Implemented a function to calculate MAPE, handling zero values safely.
Compared training and validation metrics to identify overfitting more clearly.
Results Interpretation

Before: Training MSE = 10, Validation MSE = 50 (overfitting suspected but unclear severity)

After: Training MSE = 3.4, Validation MSE = 645, Training MAE = 1.8, Validation MAE = 25, Training MAPE = 1.4%, Validation MAPE = 17.9%

The new metrics show much higher validation error, confirming overfitting. MAE and MAPE provide clearer, more interpretable error measures.

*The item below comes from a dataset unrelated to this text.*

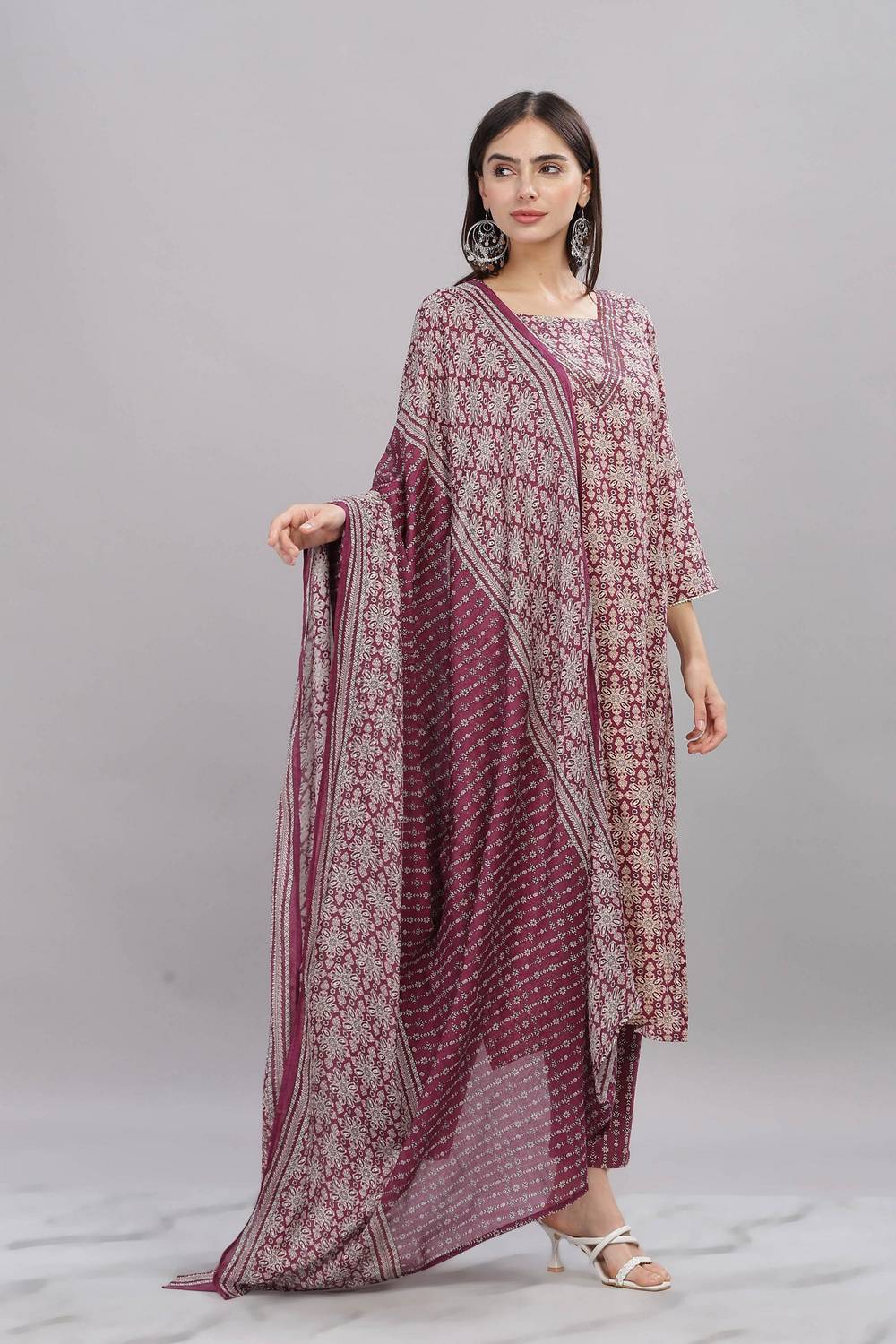 Maroon Ajrakh Printed Rayon Kurti Pant Set

Using multiple evaluation metrics like MAE and MAPE alongside MSE helps better understand time series model performance and detect overfitting. Metrics that relate errors to actual values (MAPE) are especially useful for business decisions.
Bonus Experiment
Try using Root Mean Squared Error (RMSE) and Symmetric Mean Absolute Percentage Error (SMAPE) to evaluate the model and compare results.
💡 Hint
RMSE is the square root of MSE and has the same units as the data, making it easier to interpret. SMAPE handles zero values better than MAPE by symmetrizing the percentage error.